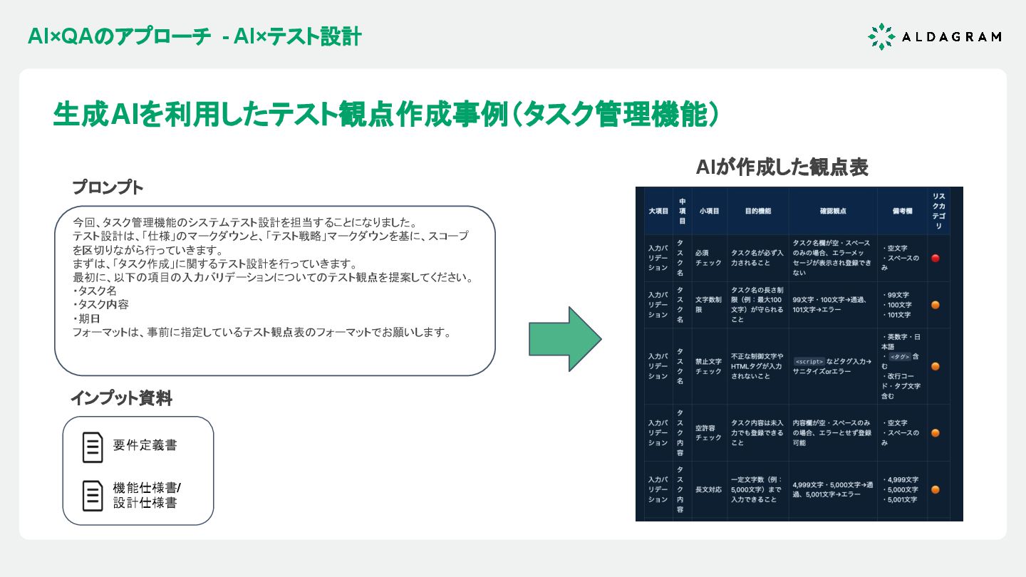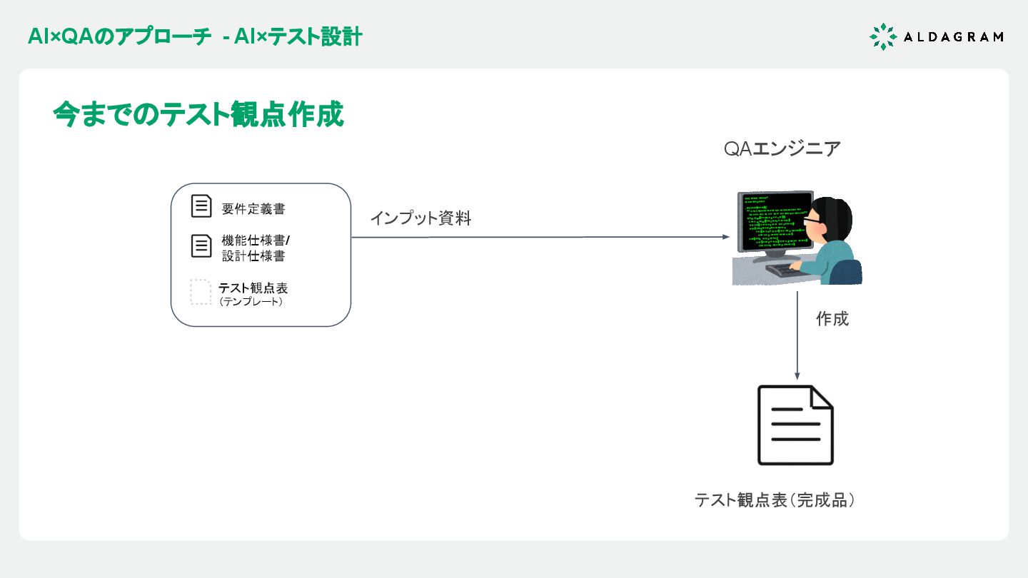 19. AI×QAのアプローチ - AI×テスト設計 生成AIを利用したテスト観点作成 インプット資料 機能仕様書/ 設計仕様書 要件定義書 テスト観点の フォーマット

_ _ _ _

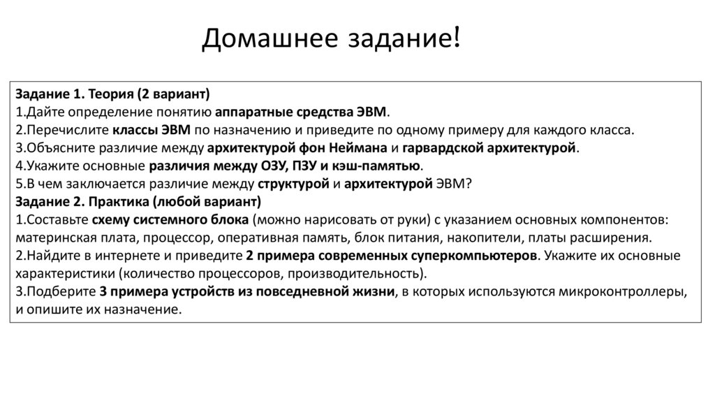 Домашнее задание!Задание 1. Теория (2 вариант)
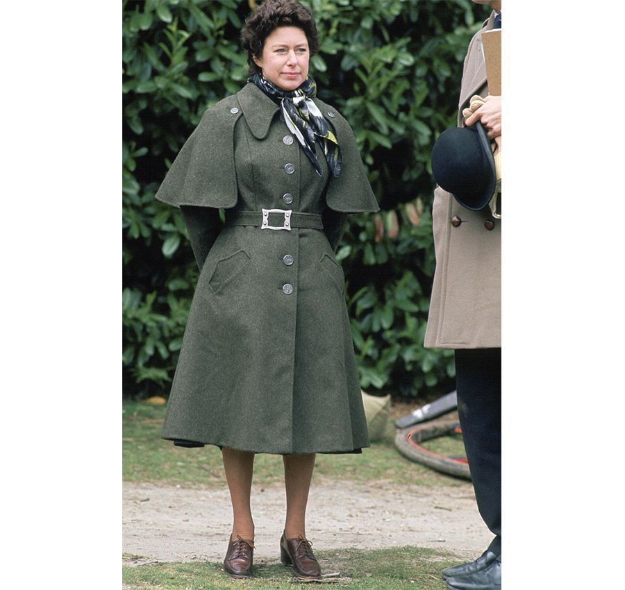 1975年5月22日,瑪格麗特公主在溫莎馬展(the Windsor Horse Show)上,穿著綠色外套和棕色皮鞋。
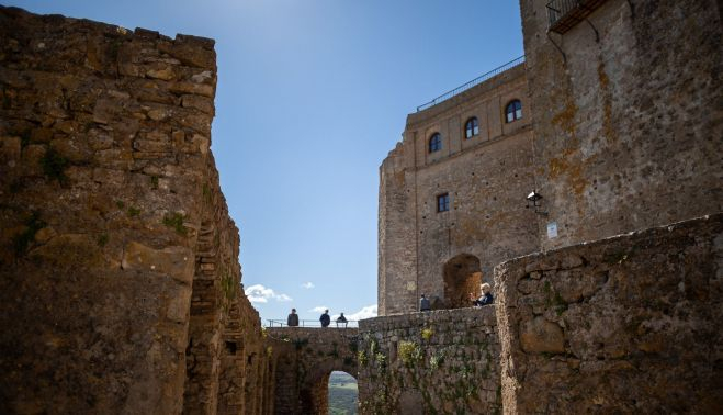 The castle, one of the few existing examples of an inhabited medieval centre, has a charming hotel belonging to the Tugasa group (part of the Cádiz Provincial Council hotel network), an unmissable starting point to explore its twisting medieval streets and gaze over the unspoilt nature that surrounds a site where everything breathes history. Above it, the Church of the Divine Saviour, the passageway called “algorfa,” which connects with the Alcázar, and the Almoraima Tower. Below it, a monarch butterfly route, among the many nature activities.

_ _ _ _

Directions for this task
Copy exactly, without pictures, the lines above from the one with "Домашнее задание!Задание 1." down to the one with "The castle, one", inclusive.

Task response
 Домашнее задание!Задание 1. Теория (2 вариант)
 1975年5月22日,瑪格麗特公主在溫莎馬展(the Windsor Horse Show)上,穿著綠色外套和棕色皮鞋。
 The castle, one of the few existing examples of an inhabited medieval centre, has a charming hotel belonging to the Tugasa group (part of the Cádiz Provincial Council hotel network), an unmissable starting point to explore its twisting medieval streets and gaze over the unspoilt nature that surrounds a site where everything breathes history. Above it, the Church of the Divine Saviour, the passageway called “algorfa,” which connects with the Alcázar, and the Almoraima Tower. Below it, a monarch butterfly route, among the many nature activities.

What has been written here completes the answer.